**PROBLEM REQUIREMENTS**
Please transcribe the data below exactly. Leave the pictures out.

**DATA EXTRACT**
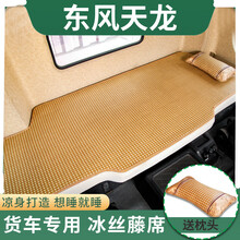 适配东风天龙商用车装饰KL改装VL品KC驾驶室内冰丝卧铺凉席床垫子 东风天龙牵引车【下铺藤席】(1个枕头)
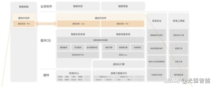 全域操作系统的好处,可以参考理想在车展前夕公布的星环OS的看法。全域系统最重要的价值在于打造智能汽车高效的数据交互通信平台,从而解决汽车中央式电子架构的数据毫秒级内确定性传输和通信主题(topic)与算力、存储空间有限的矛盾。换句话说,就是智能汽车在软件层面上,也要从原来的“分布式”变成中央式的架构。
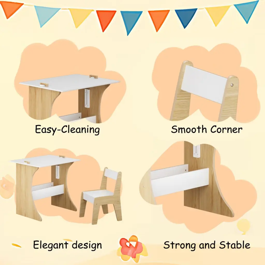 Hachikiko 2-in-1 Wooden Convertible Children Study Desk With 1 Chair, Reversible Tabletop For Drawing/play, Natural Finish, Built-in Storage

**OUTPUT OF THE EXERCISE**
 适配东风天龙商用车装饰KL改装VL品KC驾驶室内冰丝卧铺凉席床垫子 东风天龙牵引车【下铺藤席】(1个枕头)
 全域操作系统的好处,可以参考理想在车展前夕公布的星环OS的看法。全域系统最重要的价值在于打造智能汽车高效的数据交互通信平台,从而解决汽车中央式电子架构的数据毫秒级内确定性传输和通信主题(topic)与算力、存储空间有限的矛盾。换句话说,就是智能汽车在软件层面上,也要从原来的“分布式”变成中央式的架构。
 Hachikiko 2-in-1 Wooden Convertible Children Study Desk With 1 Chair, Reversible Tabletop For Drawing/play, Natural Finish, Built-in Storage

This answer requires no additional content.